[Start of section]

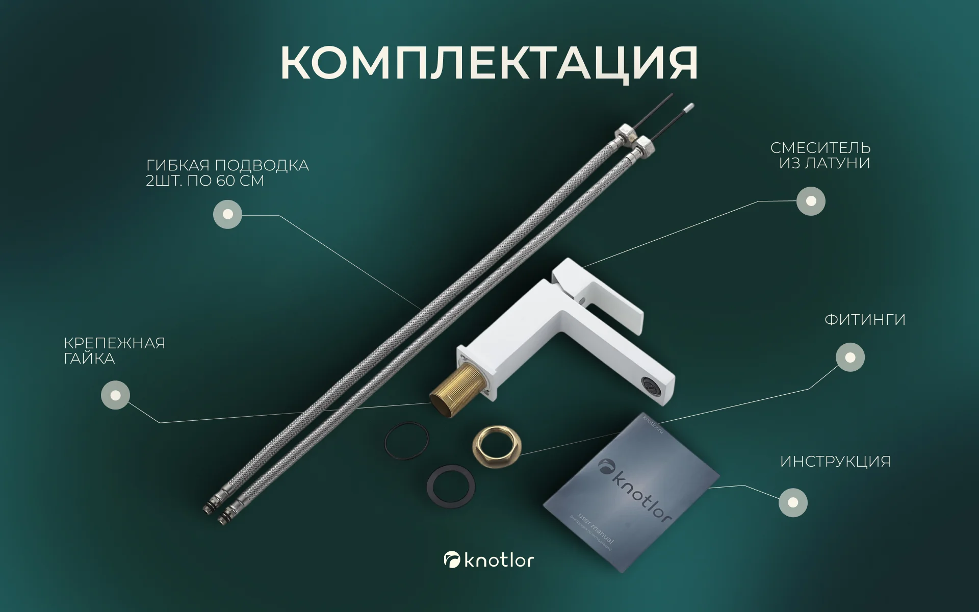 - Крепеж: Крепежная гайка, резиновые уплотнитель и прокладка
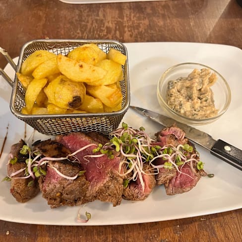 9.5/10Perfectly cooked meat and delicious fresh fries. Very child friendly. Wonderful service. Will be coming back with friends when they come to visit as we live nearby. A neighborhood gem.
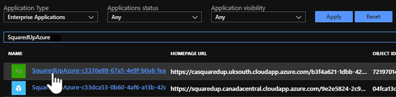 SquaredUpAzureand select the SquaredUpAzure enterprise application mentioned in the Need admin approval message.
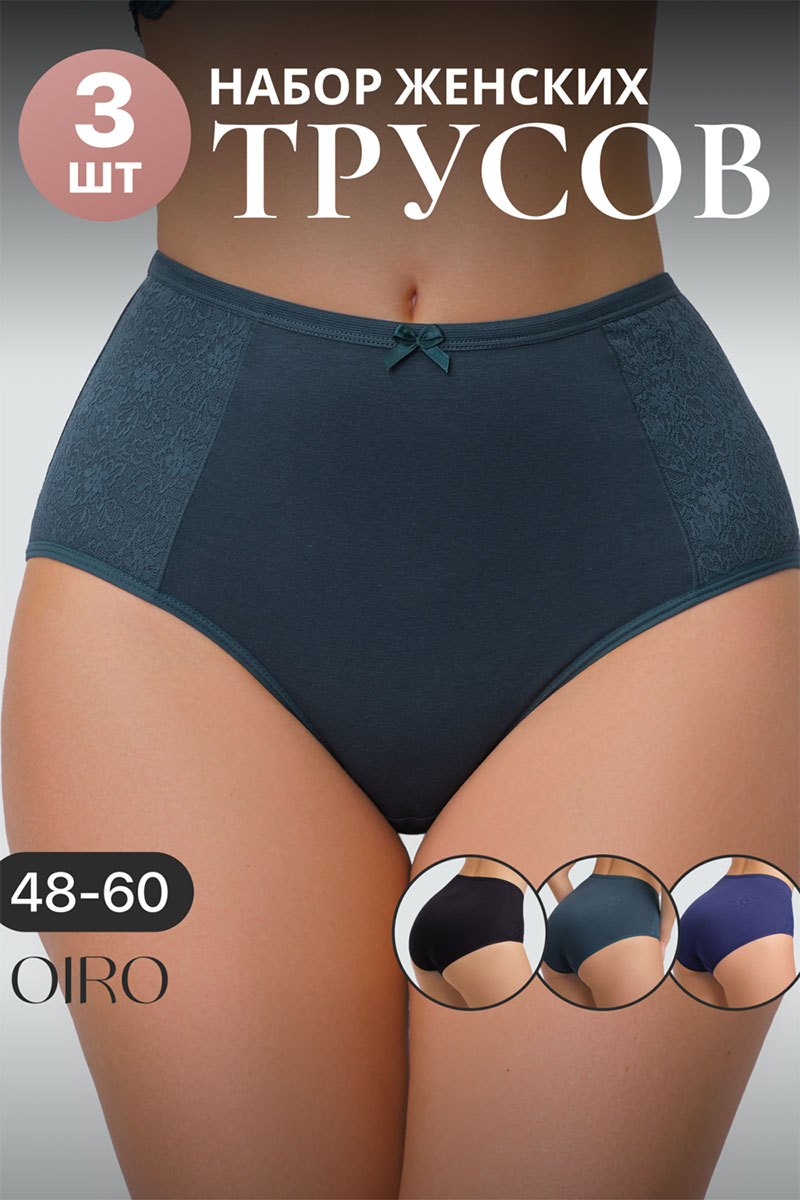 Трусы женские 3903 OIRO хлопок стрейч (последний размер) синий, черный, изумрудный - упаковка 3 шт. 50-52,52-54

[End of section]

* [What you should do] Your task is to restate word for word the lines from the top of the data to the line containing "9.5/10Perfectly cooked meat", both ends included, with every picture left out.

* [Answer to the exercise]
 - Крепеж: Крепежная гайка, резиновые уплотнитель и прокладка
 9.5/10Perfectly cooked meat and delicious fresh fries. Very child friendly. Wonderful service. Will be coming back with friends when they come to visit as we live nearby. A neighborhood gem.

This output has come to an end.